◆ Problem to work on: Output exactly the lines that run from the start of the records to the line with "Built in breakfast", counting both ends, and skip the pictures.

◆ Data for this task:
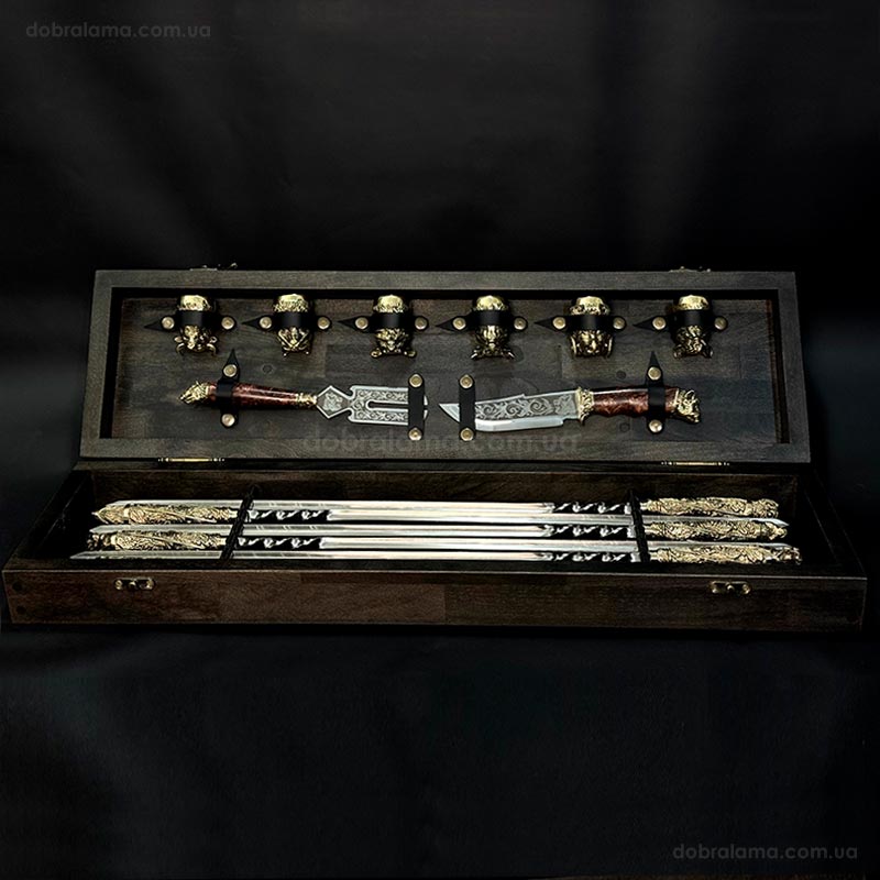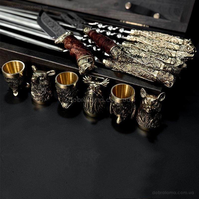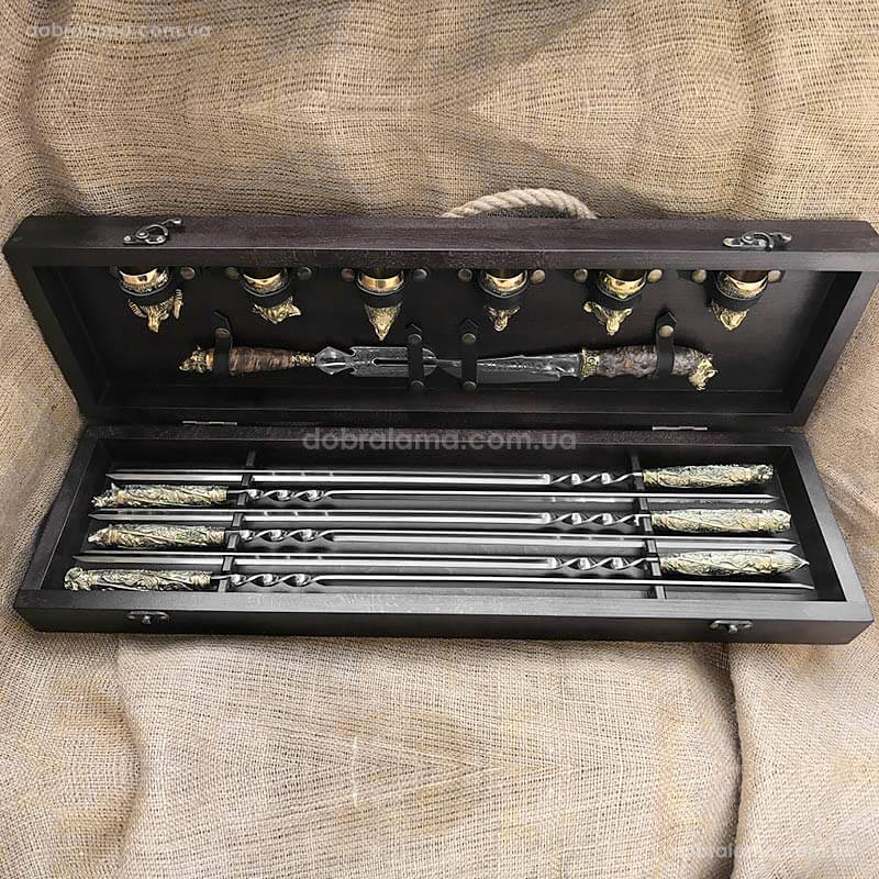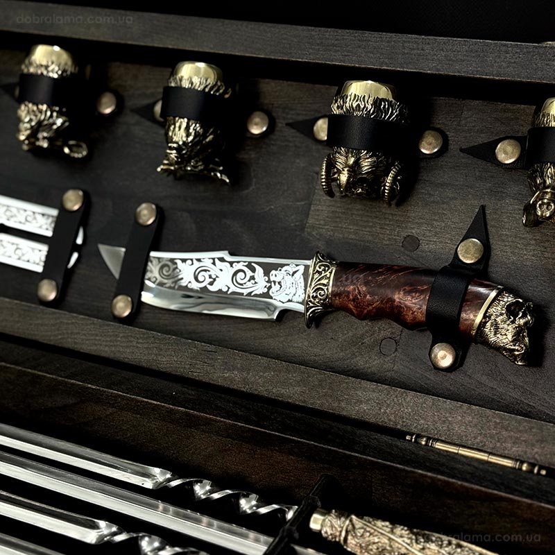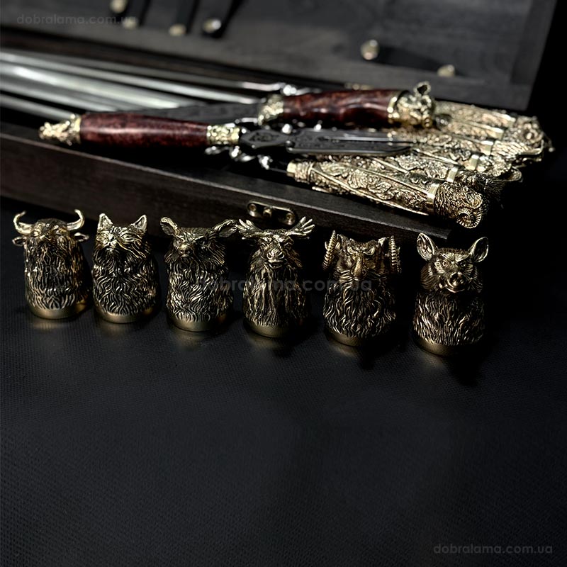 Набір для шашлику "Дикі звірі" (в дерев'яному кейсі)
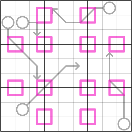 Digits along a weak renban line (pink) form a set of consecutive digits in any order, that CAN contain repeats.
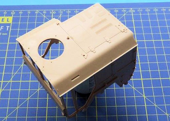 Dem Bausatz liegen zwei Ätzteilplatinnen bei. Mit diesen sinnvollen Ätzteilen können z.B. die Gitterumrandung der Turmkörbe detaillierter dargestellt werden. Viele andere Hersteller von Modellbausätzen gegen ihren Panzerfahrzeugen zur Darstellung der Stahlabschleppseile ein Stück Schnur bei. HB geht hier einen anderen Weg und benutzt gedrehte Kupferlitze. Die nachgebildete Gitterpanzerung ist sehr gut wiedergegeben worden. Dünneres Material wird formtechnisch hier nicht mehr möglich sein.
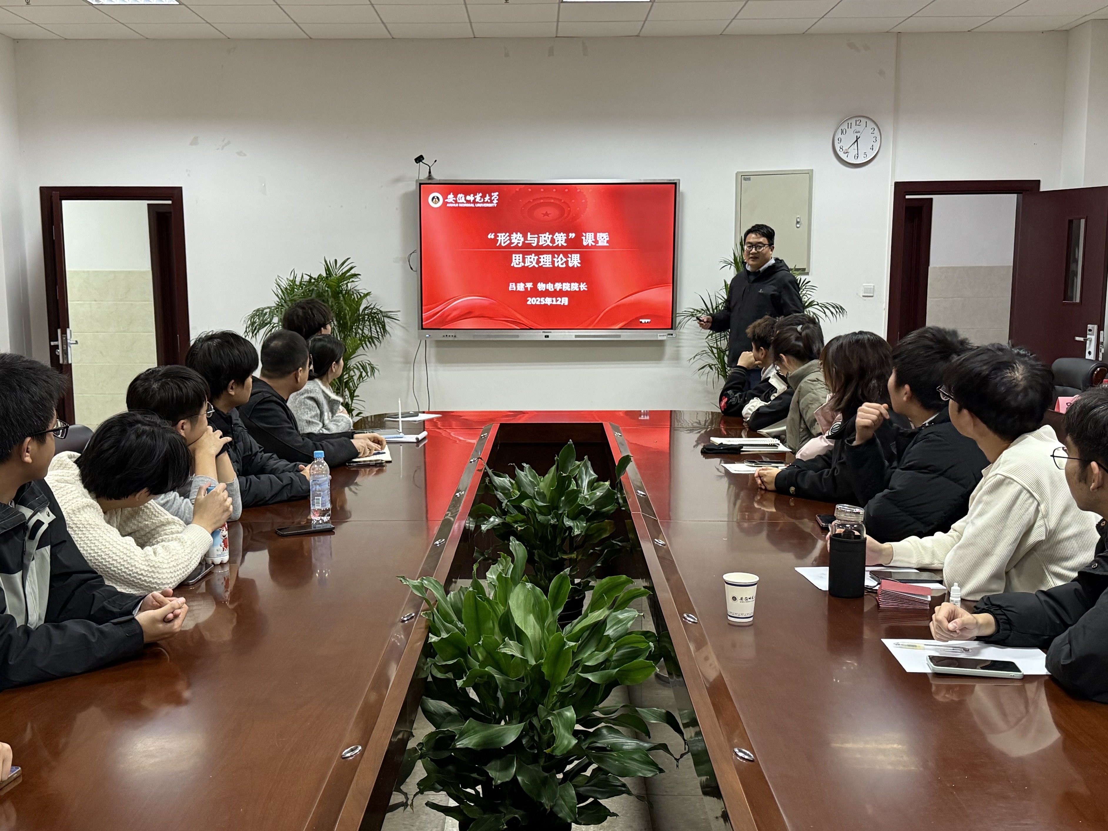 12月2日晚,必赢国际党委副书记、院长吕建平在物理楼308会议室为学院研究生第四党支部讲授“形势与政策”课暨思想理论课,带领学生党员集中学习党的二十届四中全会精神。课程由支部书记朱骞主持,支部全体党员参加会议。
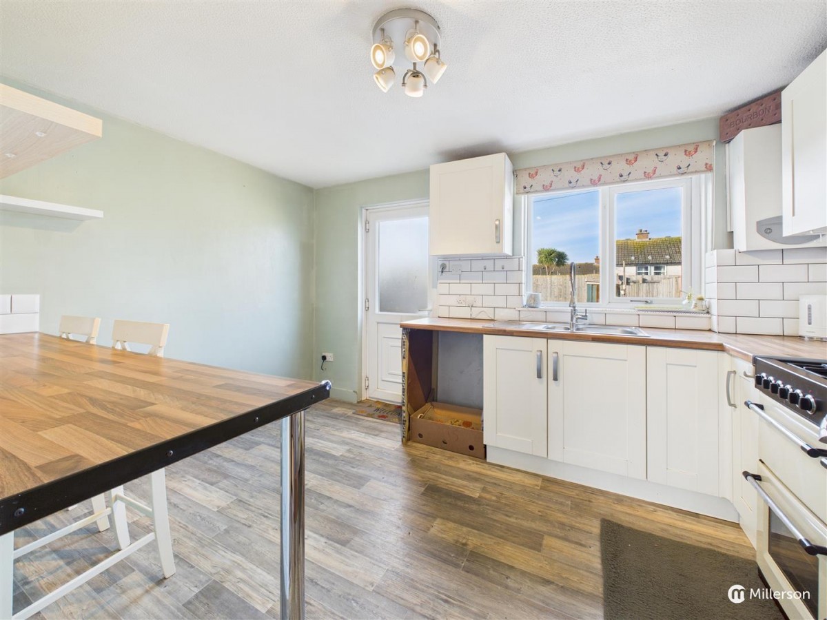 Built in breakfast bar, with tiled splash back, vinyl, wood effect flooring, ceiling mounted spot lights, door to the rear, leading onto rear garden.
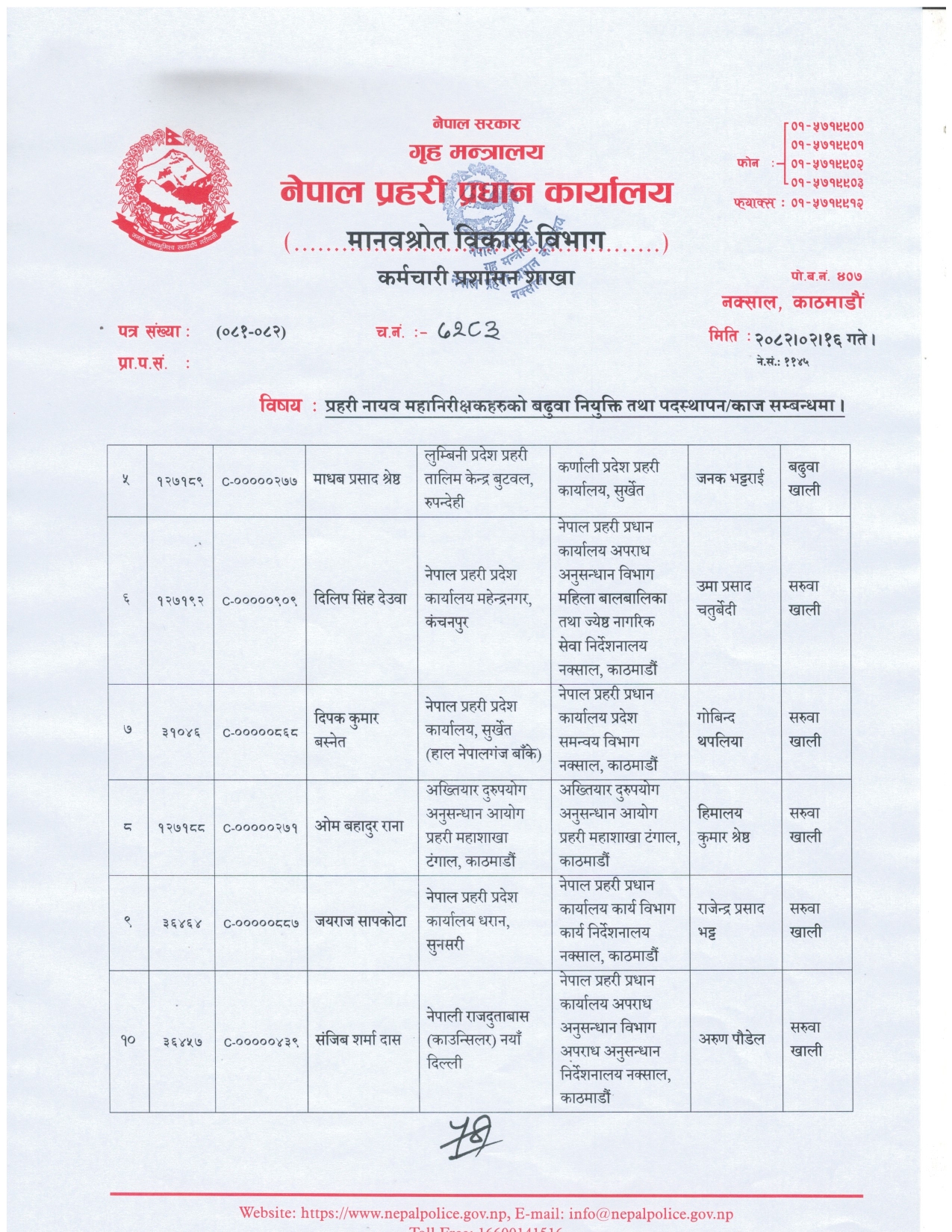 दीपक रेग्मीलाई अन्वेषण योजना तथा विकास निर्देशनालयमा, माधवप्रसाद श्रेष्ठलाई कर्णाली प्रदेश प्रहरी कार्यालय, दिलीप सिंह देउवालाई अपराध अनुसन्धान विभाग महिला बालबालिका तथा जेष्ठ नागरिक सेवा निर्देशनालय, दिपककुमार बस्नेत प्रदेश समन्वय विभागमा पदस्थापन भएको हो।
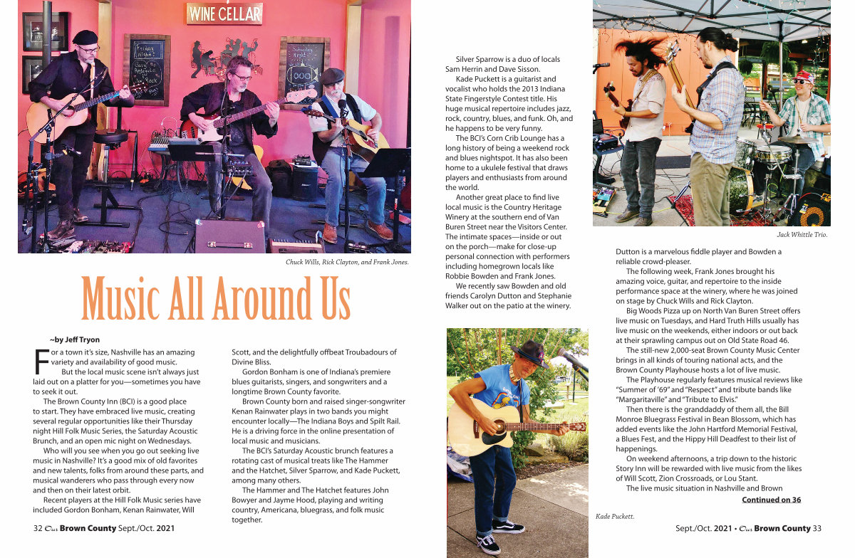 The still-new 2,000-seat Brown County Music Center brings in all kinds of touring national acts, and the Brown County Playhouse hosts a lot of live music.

◆ Result:
 Набір для шашлику "Дикі звірі" (в дерев'яному кейсі)
 Digits along a weak renban line (pink) form a set of consecutive digits in any order, that CAN contain repeats.
 Dem Bausatz liegen zwei Ätzteilplatinnen bei. Mit diesen sinnvollen Ätzteilen können z.B. die Gitterumrandung der Turmkörbe detaillierter dargestellt werden. Viele andere Hersteller von Modellbausätzen gegen ihren Panzerfahrzeugen zur Darstellung der Stahlabschleppseile ein Stück Schnur bei. HB geht hier einen anderen Weg und benutzt gedrehte Kupferlitze. Die nachgebildete Gitterpanzerung ist sehr gut wiedergegeben worden. Dünneres Material wird formtechnisch hier nicht mehr möglich sein.
 12月2日晚,必赢国际党委副书记、院长吕建平在物理楼308会议室为学院研究生第四党支部讲授“形势与政策”课暨思想理论课,带领学生党员集中学习党的二十届四中全会精神。课程由支部书记朱骞主持,支部全体党员参加会议。
 Built in breakfast bar, with tiled splash back, vinyl, wood effect flooring, ceiling mounted spot lights, door to the rear, leading onto rear garden.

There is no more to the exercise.